Overview

A Study of 2 Doses of MAP0010 and Placebo in Asthmatic Children

Status:
Completed

Trial end date:
2009-01-01

Target enrollment:
0

Participant gender:
All

Summary

The purpose of this study is to examine the safety and efficacy of two doses of MAP0010 versus placebo in asthmatic infants and children, 12 months to 8 years of age, over a 12-week treatment period.

Phase:

Phase 3

Accepts Healthy Volunteers?

Details

Lead Sponsor:

Allergan

Collaborator:

MAP Pharmaceuticals, Inc., a wholly owned subsidiary of Allergan

Treatments:

Budesonide

Criteria

Inclusion Criteria:

- Male or female asthmatic children with mild to moderate persistent asthma.
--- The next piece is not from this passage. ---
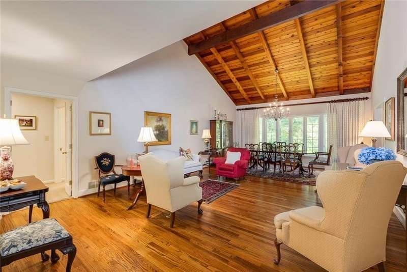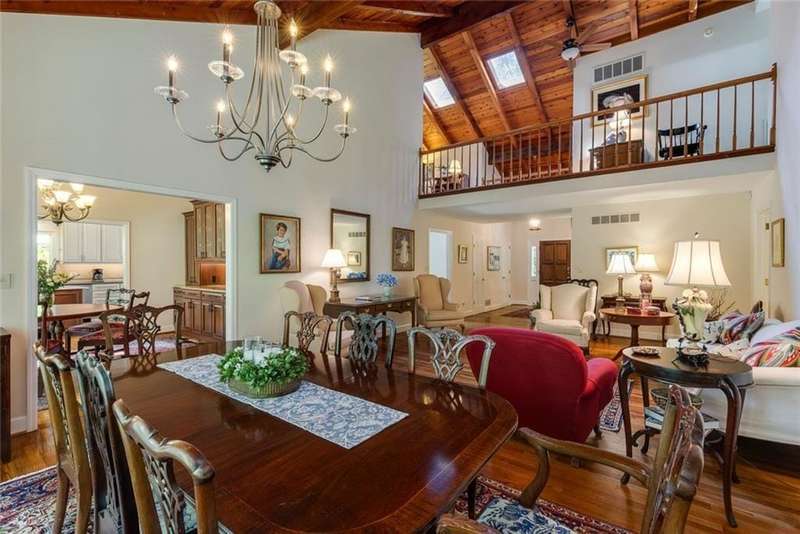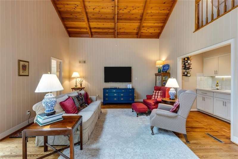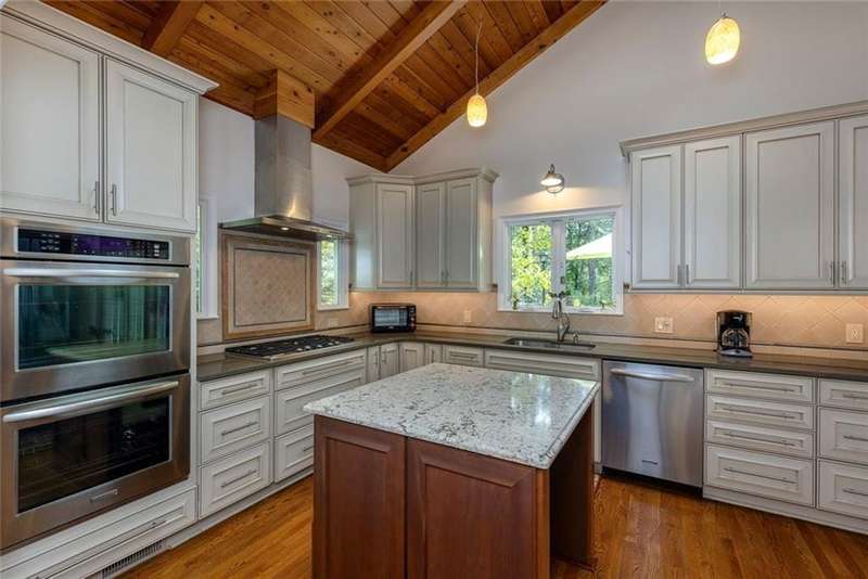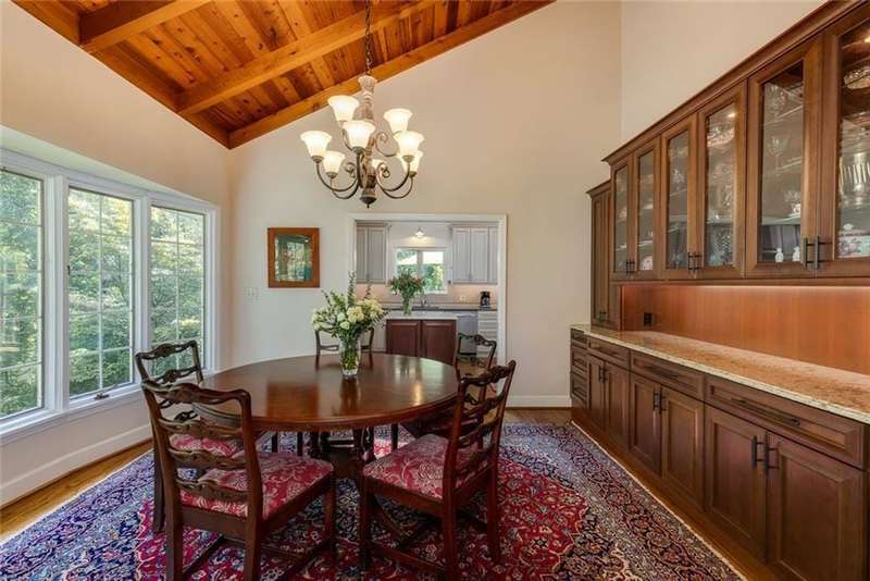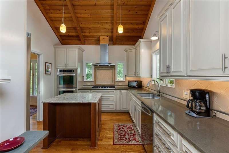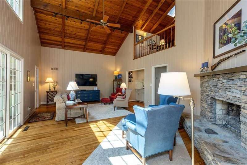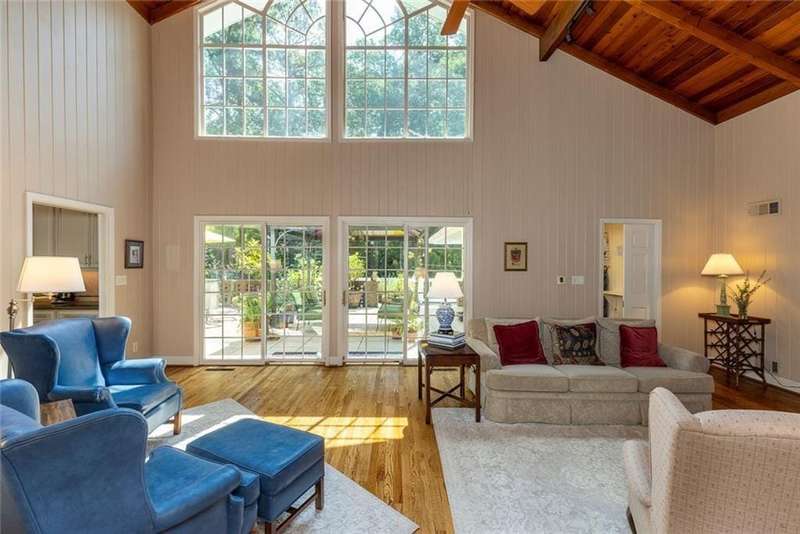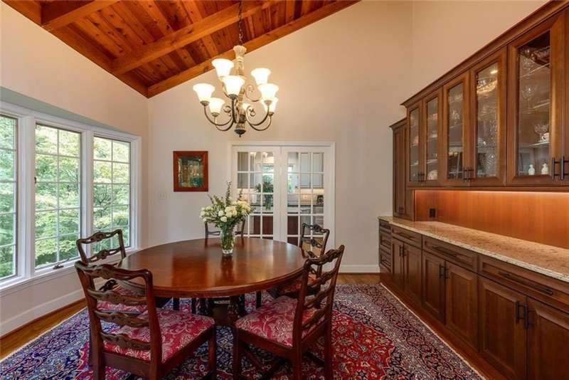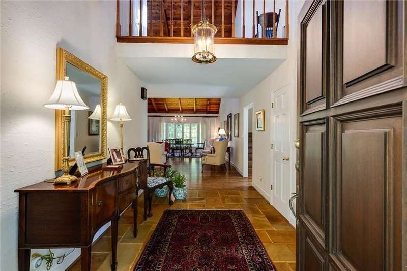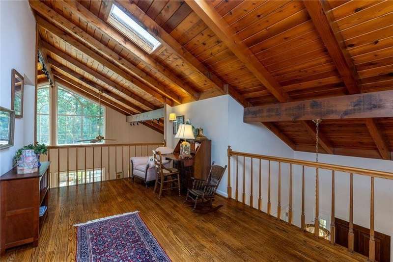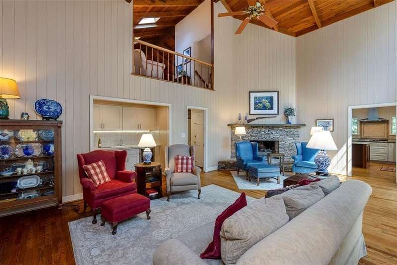Discover an extraordinary one-and-a-half story custom residence, perfectly tucked away on a picturesque, professionally landscaped estate-sized cul-de-sac lot of over an acre. A private sanctuary, this property offers terraced walkways, lush gardens, and a serene backyard retreat with a heated Pebble Tec pool, waterfall spa, custom stonework, and seasonal views of Lake Northridge. Every detail inside and out reflects timeless craftsmanship and thoughtful design. The home welcomes with a charming front porch and tranquil fish pond, opening into a dramatic two-story stone foyer. Vaulted, beamed tongue-and-groove ceilings, expansive casement windows, and gleaming hardwood floors create a warm and airy flow throughout. The open-concept living and dining rooms boast soaring 20 ceilings, while the beautifully renovated kitchen is a chefs dreamcustom cabinetry with Rev-a-Chef accessories, quartzite countertops, tile backsplash, center island with seating, stainless steel appliances including gas cooktop and vent hood, microwave drawer, and a convenient Butlers Pantry. A separate breakfast room offers the perfect everyday gathering spot, while the spacious family roomwith its Palladian window, stacked-stone fireplace, and wet baropens directly to the terrace, blending indoor and outdoor living for effortless entertaining. The terrace itself overlooks the sparkling heated pool and fenced backyard, designed for both relaxation and family enjoyment. Features include lighted walkways and stairs, a pool cabana conveniently located off the terrace, pool storage, custom stone terraces, Trex decking, an automatic pool cover, and Jandy Aqua Link RS systemall creating a resort-like setting for gatherings large or small. The main-level primary suite offers a peaceful retreat with his-and-hers closets and a spa-like bath. Two additional bedrooms (one with custom built-ins) share a hall bath, while a large laundry room enhances main-level convenience. Upstairs, a light-filled loft with skylights overlooks the living room, alongside a spacious bedroom with full bath and generous walk-in attic storage. The terrace level features soaring ceilings and a fully equipped in-law suite/apartment with private entrance, including living and dining rooms, a full kitchen, bedroom, and full bath with step-less shower, plus abundant storage and workshop space. This exceptional property is ideally located near top-rated public and private schools, shopping, and dining, with easy access to Sandy Springs City Center, Dunwoody Village, downtown Roswell and Alpharetta, and GA 400. Residents enjoy a private neighborhood entrance to the scenic Island Ford Chattahoochee River Park, as well as proximity to Dunwoody Golf & Country Club. A rare offering, this home combines the beauty of nature, architectural distinction, and versatile family living into one unforgettable estate.

- 12 months to 8 years of age.

- For children age 4 to 8 years: Documented diagnosis of asthma at least 3 months prior
to Visit 1, per NIH (EPR-3) criteria.

- For infants age 12 to <48 months old: 2 or more wheezing episodes in past 12 months
which lasted > 1 day and affected sleep.

- AND with at least one major or two minor risk factors.

Exclusion Criteria:

- Any other significant childhood illness/abnormality or chronic lung disease

- Any history of upper or lower respiratory tract infection, within 2 weeks of
screening.

- Any history of acute or severe asthma attack requiring ICU admission or ventilatory
support.

- Use of any corticosteroid, including inhaled, parental, intranasal, or topical
corticosteroid within 2 weeks of screening.

- Any use of oral corticosteroids within 30 days of screening or prolonged use (>10
consecutive days) of oral corticosteroids, within 12 weeks of screening.